Where it sits in minimal and deep-tech territory
Water EP also makes sense when heard in the overlap between minimal techno and adjacent deep-tech or minimal-house space. Discogs describes deep techno as a relatively wide subgenre that often emphasizes ambient, sometimes dancing, and almost always low-end aspects, and that framing helps explain the EP’s pull. The record appears to live in that zone where club function and atmosphere do not cancel each other out.
That balance is key. Rather than aim for obvious peak-time aggression, the release favors detailed groove control, hypnotic rhythmic movement, and a sense of space that lets each element register cleanly. The low-end emphasis and atmospheric layers make it easier to hear how the tracks can work both as focused listening pieces and as tools for DJs who need tension without overload.

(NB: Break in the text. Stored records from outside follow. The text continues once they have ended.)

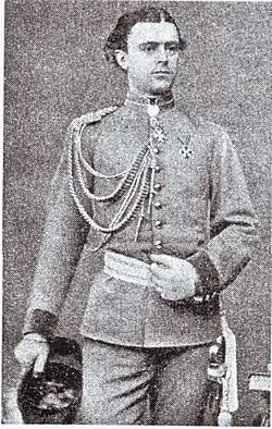 At the request of his father to King Maximilian II of Bavaria, he was appointed on 15 November 1861 as junior lieutenant in the 2nd Bavarian artillery regiment (military registry no. KA OP 69 547)[2] and was assigned as orderly officer of then Crown Prince Ludwig on 1 May 1863. Ludwig and Paul became close friends after spending three weeks together in Berchtesgaden in September 1863.[3] After Ludwig's accession to the throne in 1864, Paul was promoted to personal aide-de-camp of the king on 18 January 1865.[4] In the following two years, Paul von Thurn und Taxis, who matched the king in his good looks,[5] became the closest friend and confidant of the monarch.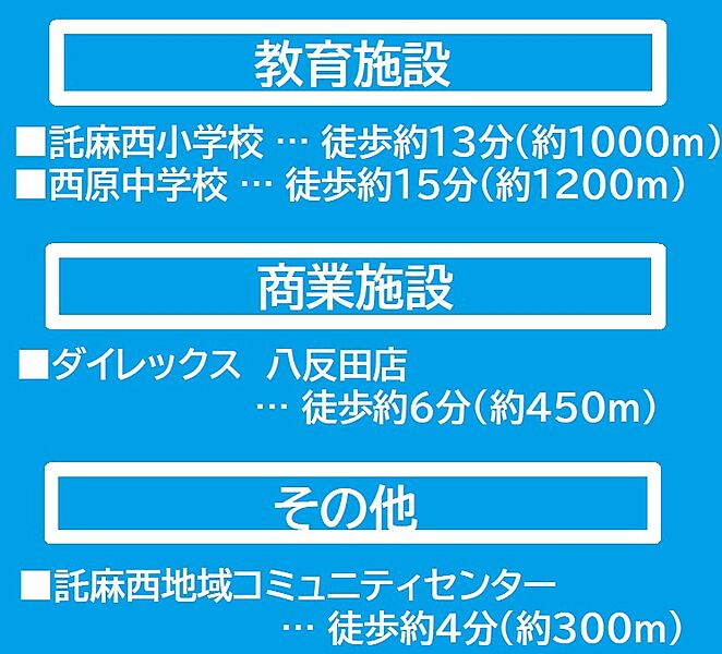 - ※物件から周辺のお店・施設までの距離は、利用が想定される道路を通行した場合の距離です。なお、必ずしも最短距離を保証するものではありません。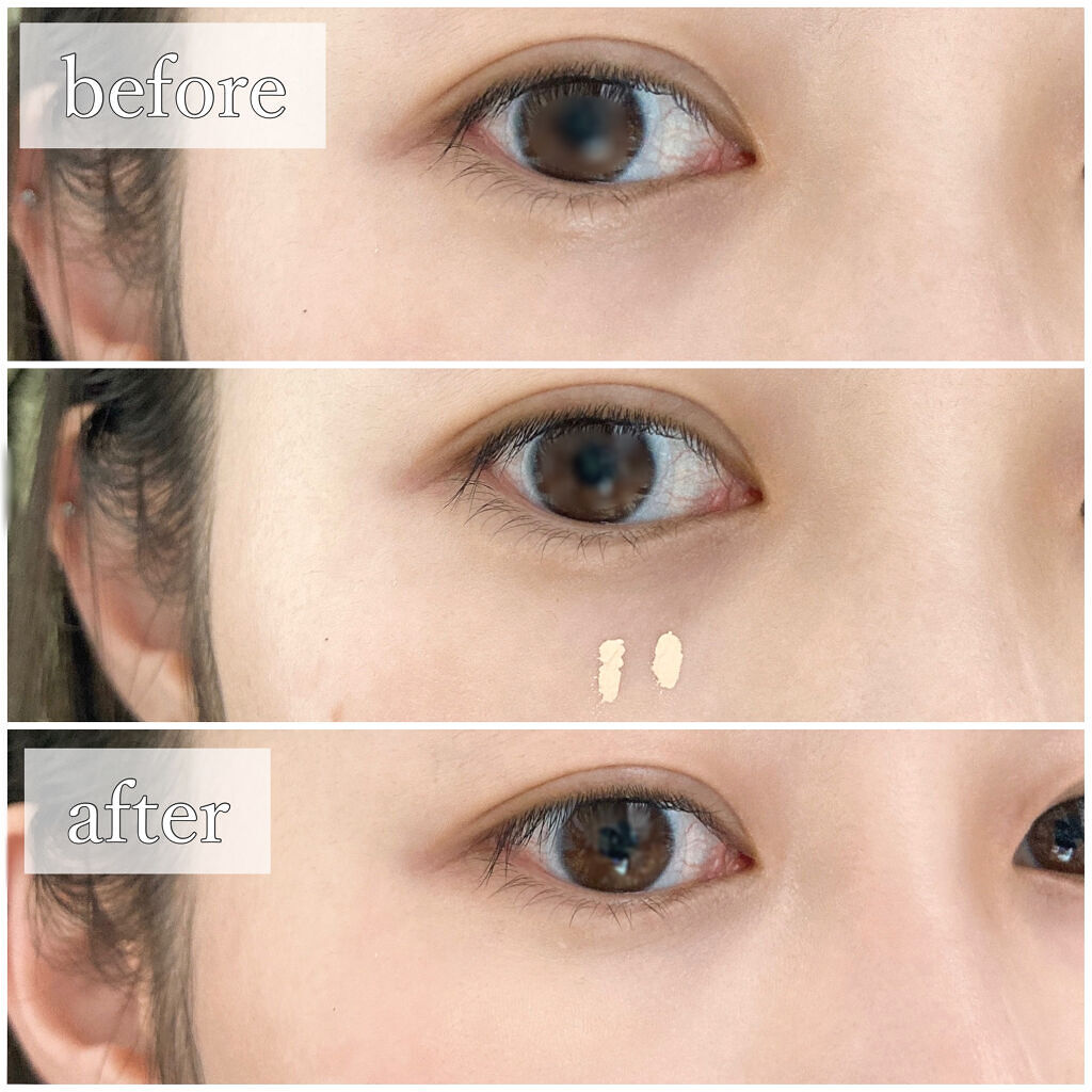 コンシーラーって厚塗り感出ないのに、肌の色むらなくなるし、毛穴カバーしてくれるし、素晴らしいアイテムですよね。 保湿力とツヤ感がとにかくすごいです。 ツヤ感が高いので、ハイライト効果もあって肌がグンと明るくなります。 伸びと肌なじみも抜群。 なじませるのが簡単なので、とっても使いやすいです。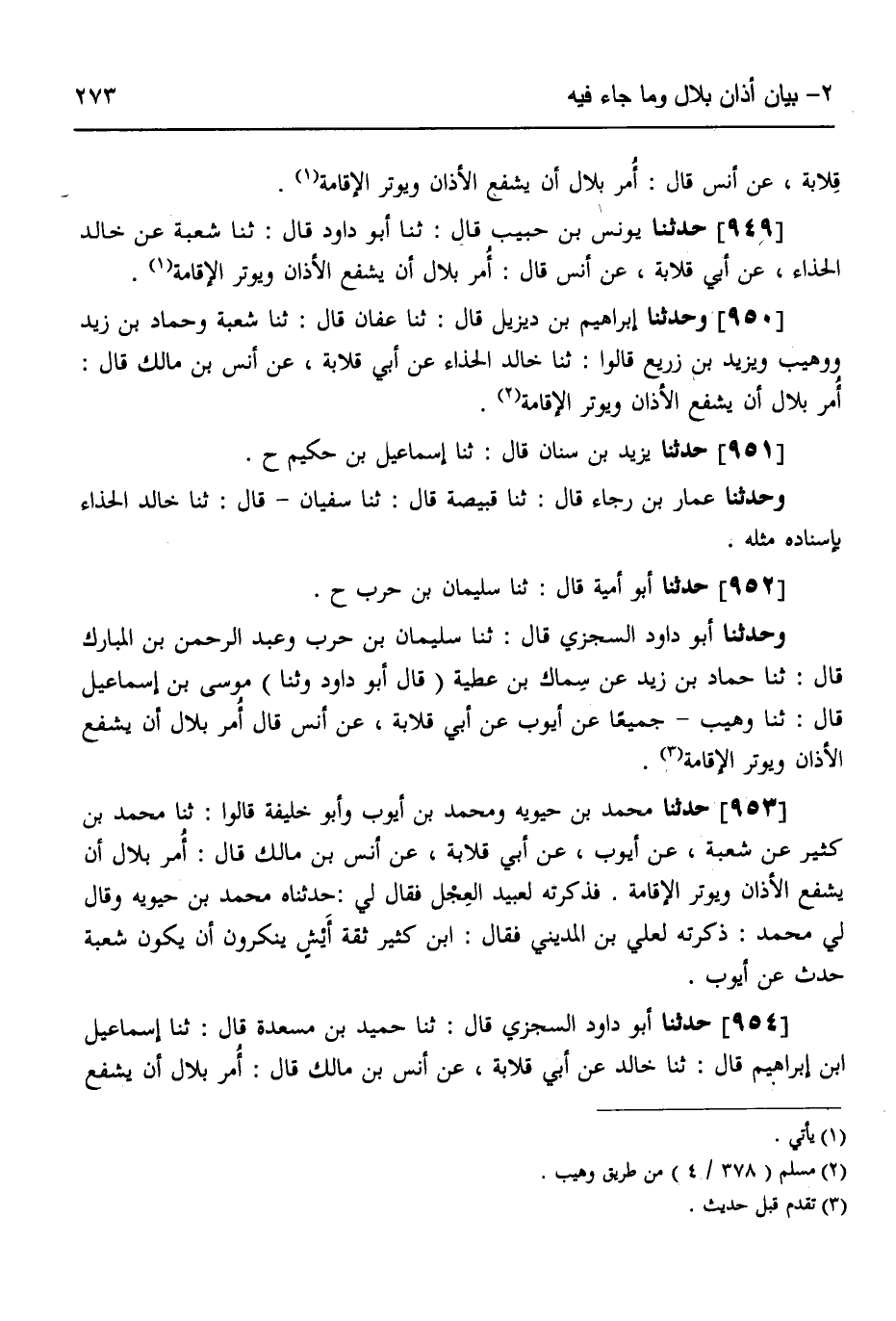 952 - حَدَّثَنَا أَبُو أُمَيَّةَ قَالَ: ثَنَا سُلَيْمَانُ بْنُ حَرْبٍ ح، وَحَدَّثَنَا أَبُو دَاوُدَ السِّجْزِيُّ قَالَ: ثَنَا سُلَيْمَانُ بْنُ حَرْبٍ، وَعَبْدُ الرَّحْمَنِ بْنُ الْمُبَارَكِ قَالَ: ثَنَا حَمَّادُ بْنُ زَيْدٍ، عَنْ سِمَاكِ بْنِ عَطِيَّةَ قَالَ أَبُو دَاوُدَ: وَثَنَا مُوسَى بْنُ إِسْمَاعِيلَ قَالَ: ثَنَا وُهَيْبٌ جَمِيعًا، عَنْ أَيُّوبَ، عَنْ أَبِي قِلَابَةَ، عَنْ أَنَسٍ قَالَ: «§أُمِرَ بِلَالٌ أَنْ يَشْفَعَ الْأَذَانَ وَيُوتِرَ الْإِقَامَةَ»
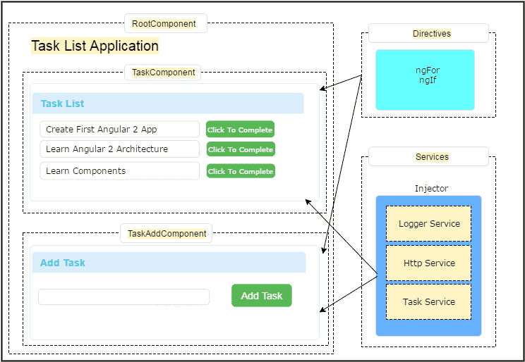 Ứng dụng của chúng ta có 3 Components. Ở trên cùng chúng ta có RootComponent. Dưới RootComponent chúng ta có 2 component một là TaskComponent sẽ hiển thị danh sách task còn một component TaskAddComponent cho phép chúng ta tạo mọto task mới.

Why the patience pays off on the floor
The real story of Water EP is not just that the tracks were made two years earlier, but that they were allowed to become clearer over time. Revisiting older sketches with a more mature ear turns the release into a small lesson in minimal production: remove what is unnecessary, keep the rhythmic core intact, and let the details do the emotional work. That is where the EP’s club value comes from, because a groove with room around it can feel stronger than one packed with constant movement.
Bandcamp’s presentation reinforces that direct, artist-led approach, and the Water track page even cross-links the release to SoundCloud and Spotify, showing that the EP was positioned for both discovery and wider digital circulation. But the core appeal stays the same no matter where it is heard: this is music that gains force by not rushing its own logic. Water EP turns patience into structure, and that is why its quietest choices end up carrying the most weight.